### EXERCISE
Print them exactly: the lines from the beginning of the entries below through the line that contains "出处鲁迅《小说旧闻钞·三保太", and only those, with the pictures left out.

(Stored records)
#####
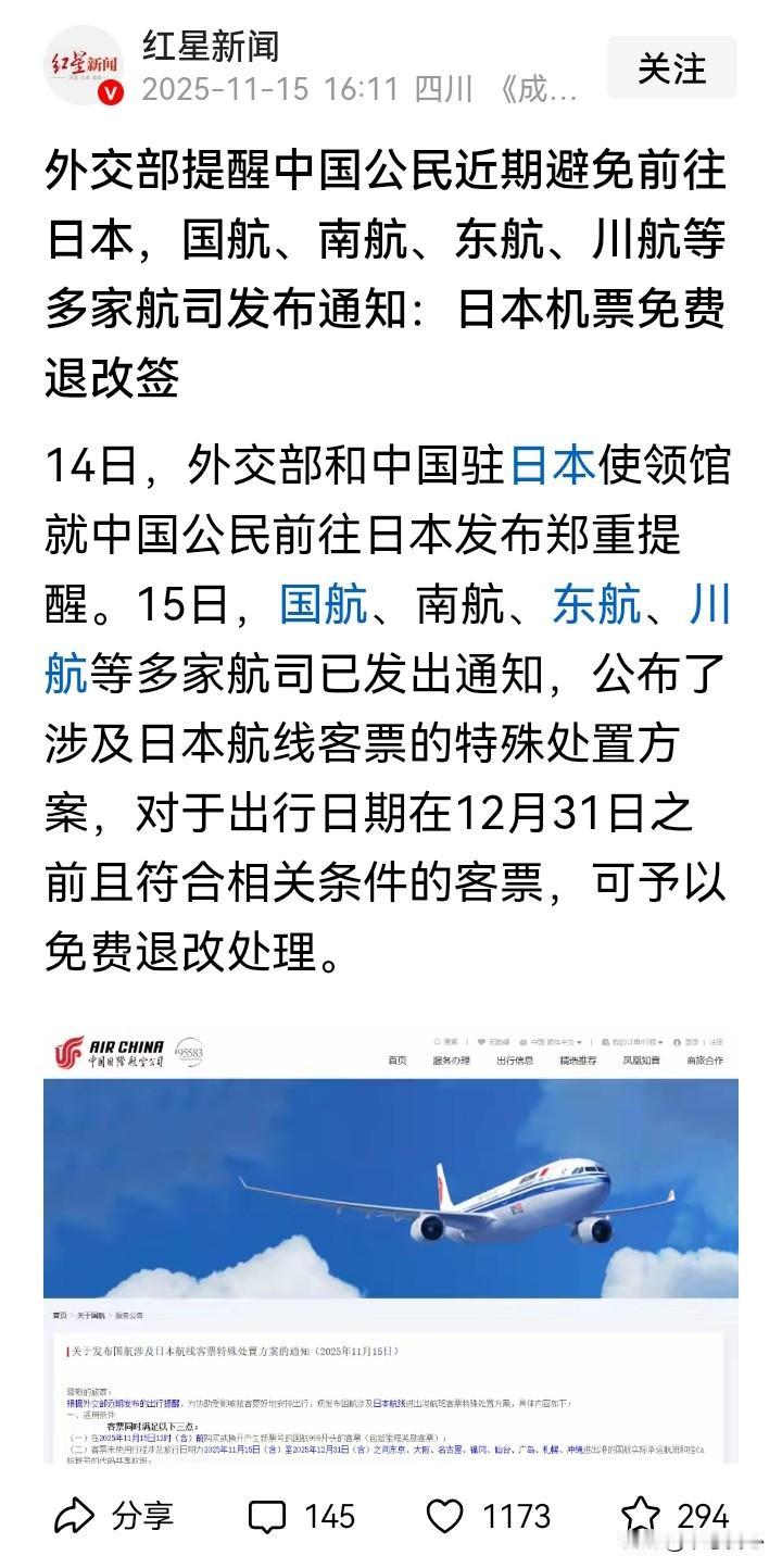 这样很不错,中国的耐心是有限的,对日本的反制是必要的,而且相应的因为爱国付出的成本,不是由普通民众承担! 在外交部提醒大家近期避免前往日本后,国航、南航、东航、川航等多家航空公司相继发出通知,公布了涉及日本航线客票的特殊处置方案,对于出行日期在12月31日之前且符合相关条件的客票,可予以免费退改处理。 这是航空公司跟进国家的号召行动! 假如不是免费退改签,很多人在行程已经提前确定的情况下,即使在现在高市“搞事”,中日人文交流氛围已经恶化的情况下,考虑到因为退票改签造成的经济损失,可能还是只得硬着头皮去一趟日本。 这是告诉大家,你响应国家号召,反制日本,国家也不会让你冒着没必要的损失去爱国! 这就像二战的时候,英国首相丘吉尔告诉民众,现在是战时,德军炸坏的房子没法修,因为修好了又会被炸,但是,打赢德国后,国家都会把这些被炸坏的房子修建好! 日本对华态度
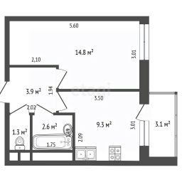 - Общая 31,9 м2 / кухня 9,3 м2 / комната 14,8 м2
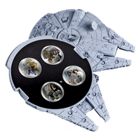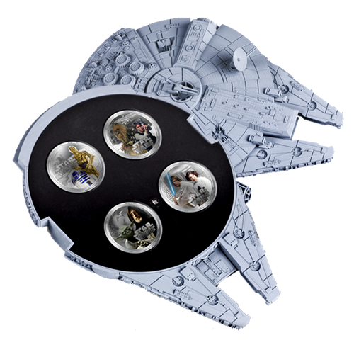 This limited edition silver plated base metal set including your favourite characters Princess Leia, Luke Skywalker, R2-D2 and Darth Vader. The four coins are packaged individually in a sealed blister pack which can then be transferred into the Millenium Falcon case. Each coin in the Star Wars set is struck from Silver Plated base metal. No more than 50,000 of each coin will be issued by the New Zealand Mint. The coins are legal tender of Niue.
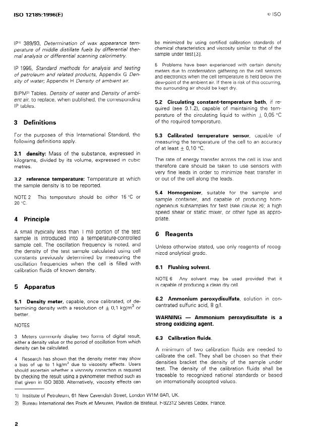 ISO 12185:1996 is a standard published by the International Organization for Standardization (ISO). Its full title is "Crude petroleum and petroleum products — Determination of density — Oscillating U-tube method". This standard covers: Gives a method for the determination, using an oscillation U-tube densitometer, of the density of crude petroleum and related products within the range 600 kg/m^3 to 1 100 kg/m^3 which can be handled as single-phase liquids at the test temperature and pressure.
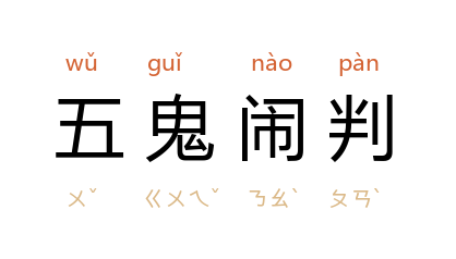 出处鲁迅《小说旧闻钞·三保太监西洋记》:“惟其中有五鬼闹判一语,不知所出;以问余,亦无以应也。”
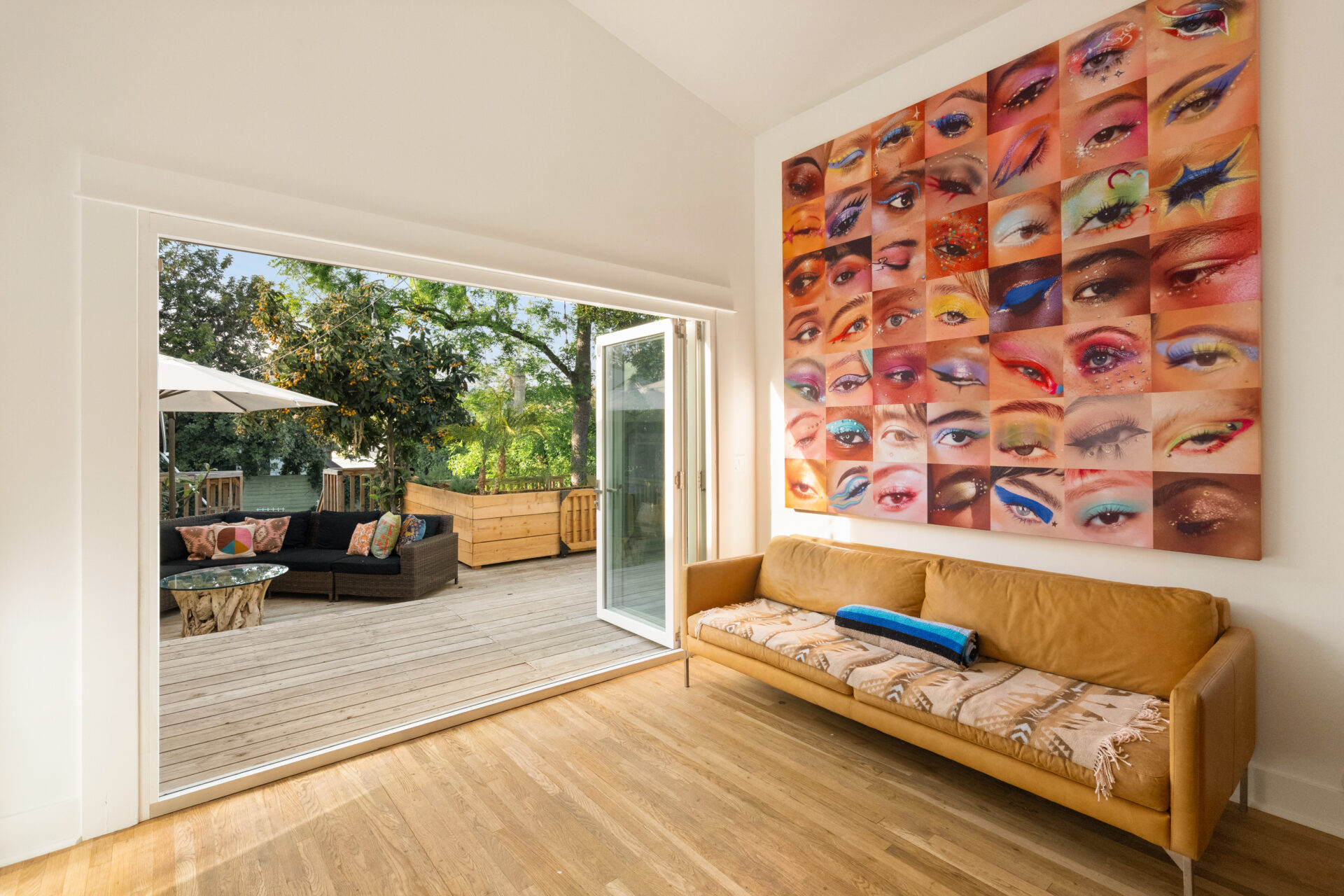 Out back, the main deck is built for long evenings: a Pottery Barn sectional, overhead string lights, Philips Hue accent lighting, built-in planters on an automated drip system, propane heaters for cooler nights, an outdoor dining set, and a handmade freshwater cedar hot tub from Oregon. The detached office earns its reputation as the best room on the property—a library and screening room in one, with a plug-and-play desk setup, 38″ curved ultra-wide monitor, Epson projector, 100″ screen, and LG surround sound, plus its own secluded back deck and garden that makes it easy to lose track of time.
#####
### WRITTEN RESPONSE
 这样很不错,中国的耐心是有限的,对日本的反制是必要的,而且相应的因为爱国付出的成本,不是由普通民众承担! 在外交部提醒大家近期避免前往日本后,国航、南航、东航、川航等多家航空公司相继发出通知,公布了涉及日本航线客票的特殊处置方案,对于出行日期在12月31日之前且符合相关条件的客票,可予以免费退改处理。 这是航空公司跟进国家的号召行动! 假如不是免费退改签,很多人在行程已经提前确定的情况下,即使在现在高市“搞事”,中日人文交流氛围已经恶化的情况下,考虑到因为退票改签造成的经济损失,可能还是只得硬着头皮去一趟日本。 这是告诉大家,你响应国家号召,反制日本,国家也不会让你冒着没必要的损失去爱国! 这就像二战的时候,英国首相丘吉尔告诉民众,现在是战时,德军炸坏的房子没法修,因为修好了又会被炸,但是,打赢德国后,国家都会把这些被炸坏的房子修建好! 日本对华态度
 - Общая 31,9 м2 / кухня 9,3 м2 / комната 14,8 м2
 This limited edition silver plated base metal set including your favourite characters Princess Leia, Luke Skywalker, R2-D2 and Darth Vader. The four coins are packaged individually in a sealed blister pack which can then be transferred into the Millenium Falcon case. Each coin in the Star Wars set is struck from Silver Plated base metal. No more than 50,000 of each coin will be issued by the New Zealand Mint. The coins are legal tender of Niue.
 ISO 12185:1996 is a standard published by the International Organization for Standardization (ISO). Its full title is "Crude petroleum and petroleum products — Determination of density — Oscillating U-tube method". This standard covers: Gives a method for the determination, using an oscillation U-tube densitometer, of the density of crude petroleum and related products within the range 600 kg/m^3 to 1 100 kg/m^3 which can be handled as single-phase liquids at the test temperature and pressure.
 出处鲁迅《小说旧闻钞·三保太监西洋记》:“惟其中有五鬼闹判一语,不知所出;以问余,亦无以应也。”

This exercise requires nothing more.